Conversations

Shifting Ground engages with professionals, teachers, artists, and museum curators to uncover the stories behind their work inspired by global warming and climate change. These voices, from both Indigenous and non-Indigenous communities in Yukon and northern Canada, reflect the deep connection to their environment and the urgency for change amidst profound challenges. Through intimate conversations, the series reveals the passion, resilience, and love of those closest to these issues.

Andrea Reid

UBC professor Andrea Reid, explains how rising river temperatures disrupt salmon habitats, threaten migration, and impact Indigenous and local communities. She addresses the resilience of Indigenous peoples, teaching and learning, and the wisdom of the elders of her community.

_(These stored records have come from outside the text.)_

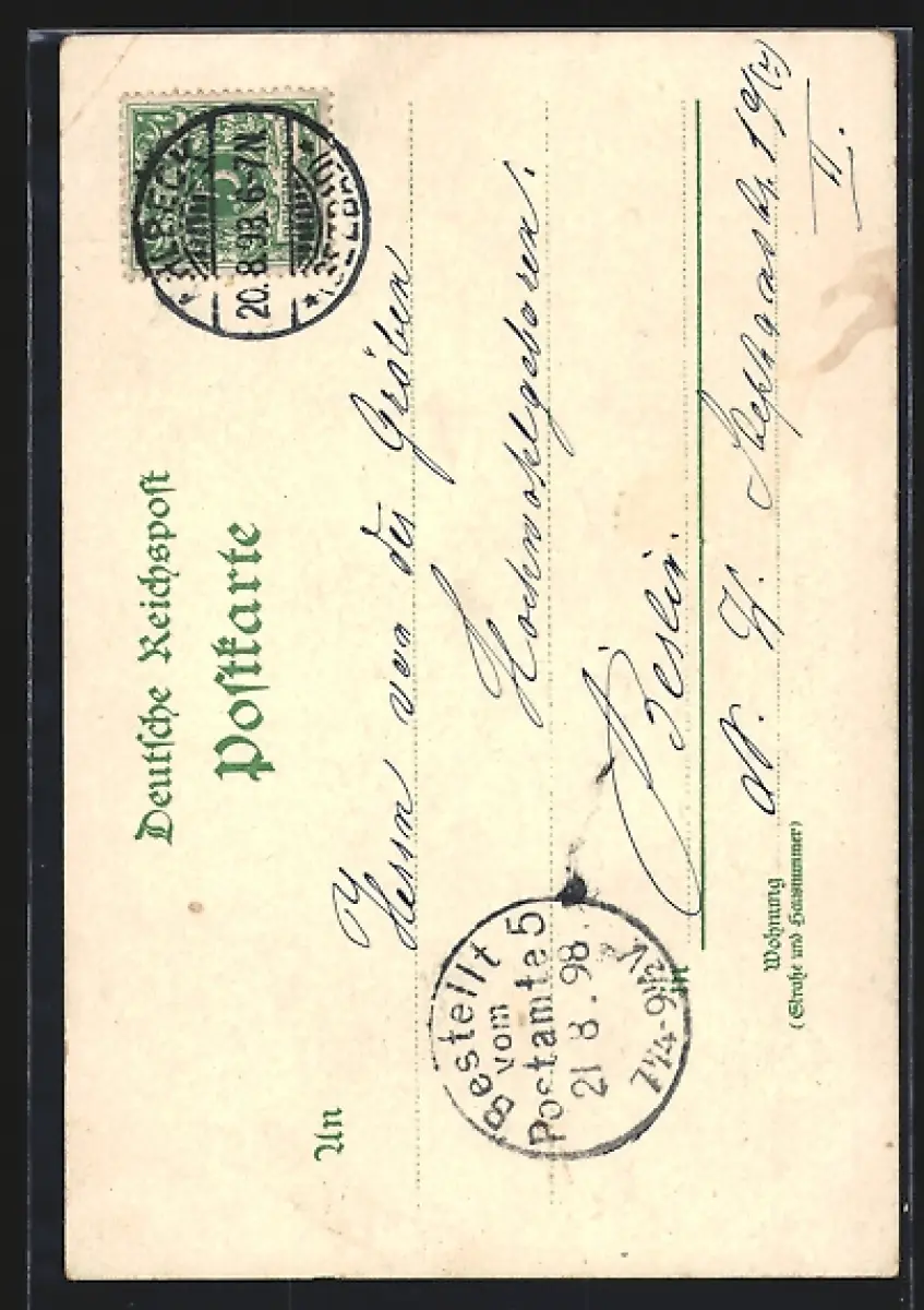 gelaufen 1898, Eckknick re. oben, guter Zustand
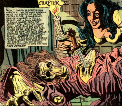 Issue two features one story, “To Wed the Devil.” It’s “a graphic novel of Gothic terror!” with art by Tony DeZuñiga and a story by Joe Orlando and Len Wein. Our protagonist, Sarah discovers a family servant, Agatha, standing in the middle of a pentagram in the manor’s basement. Agatha says she’s trying to ensure Sarah finds her one true love and she doesn’t think it is Justin Moore, the man Sarah wants to marry. In fact, Agatha seems to be team Baron Luthor DuMont, a man who glowers and strides everywhere while wearing a cape. The Baron is in love with Sarah and will save her father from financial ruin if she marries him. Guilted by her father and possibly intrigued by fashionable capes, Sarah accepts and travels to Bohemia by carriage. Beset by highwaymen, she is rescued by the grim Baronwho strides grimly into the fray in time to shoot the bandits with his matching and grim old timey pistols. Sarah, however, but only realizes who her rescuer is when she discovers him standing in the middle of a pentagram in his house! And he is obviously committed enough to his ancient magickal rites that his pentagram is a permanent feature of the room. Oh no! Sarah is tricked into wearing a black bridal gown and attending a Satanic marriage to the Baron. But Justin, along with religious family friends Father John and Uncle Samuel, intervene. John and Samuel hold a cross and a Star of David respectively to drive off the cult, but they don’t arrive in time to save Sarah’s cate, Tabeta.
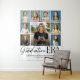 Feiern Sie den Weg Ihres Absolventen mit diesem Graduation Era Then & Now Grad Photo Collage Party Tapestry, einem modernen und personalisierten Dekorationsstück für die Abschlussfeier, das mit einer sauberen, inspiriert von einem Jahrbuch-Ästhetik designt wurde. Dieses minimalistische Layout zeigt eine 9-Foto-Then-und-Now-Collage, die Kindheits-Schulporträts neben einem aktuellen Abschlussfoto zeigt, um die unglaubliche Verwandlung im Laufe der Jahre hervorzuheben. Die stilvolle Überschrift "Graduation Era" kombiniert elegante handgeschriebene Schrift mit einer fetten, trendigen Serifenschrift für ERA und schafft eine zeitgenössische und dennoch zeitlose Aussage. Personalisieren Sie das Abschlussjahr, den Namen des Absolventen, die Schule und sogar zukünftige Pläne - ob College, Universität oder Berufsweg -, um es einzigartig bedeutungsvoll zu machen. Perfekt für High-School-Abschlussfeiern, College-Abschlussfeiern, Senior-Night-Displays und Abschlussfoto-Hintergründe dient dieses großformatige Tapestry als atemberaubender Mittelpunkt für Ihre Event-Dekoration. Ideal zum Aufhängen hinter Dessert-Tischen, Geschenktischen oder als unvergesslicher Fotobooth-Hintergrund verwandelt

Andrea Reid is a citizen of the Nisga’a Nation and is an Assistant Professor, UBC Institute for the Oceans and Fisheries, and Canada Research Chair in the  Centre for Indigenous Fisheries.

Asia Winter-Sinnot

Asia Winter-Sinnott is a Vancouver-based Indigenous art teacher who grew up in Mayo, Yukon.  Asia Winter-Sinnott highlights the lives of Yukon communities facing global warming and mining, their challenges, and resilience.

Fran Morberg-Green

Artist and curator Fran Morberg-Green explores traditional plant knowledge and land resilience in addressing the challenges of modern climate change.

Jackie Olson

Artist and curator Jackie Olson also is an Indigenous faculty member of the Yukon University School of the Visual Arts. Based in Dawson City, she highlights the growing salmon shortage and the impacts of colonialism. She is an activist who uses her work to raise awareness about these and other pressing local and global issues.

Darcy Tara McDiarmid

Artist Darcy Tara McDiarmid is based in Dawson City. Her artwork addresses her deeply rooted  Indigenous family heritage in communities in the Northwest. Her artwork draws on ancestral teachings as she creates work that reconnects with nature, land, and animals amid climate change.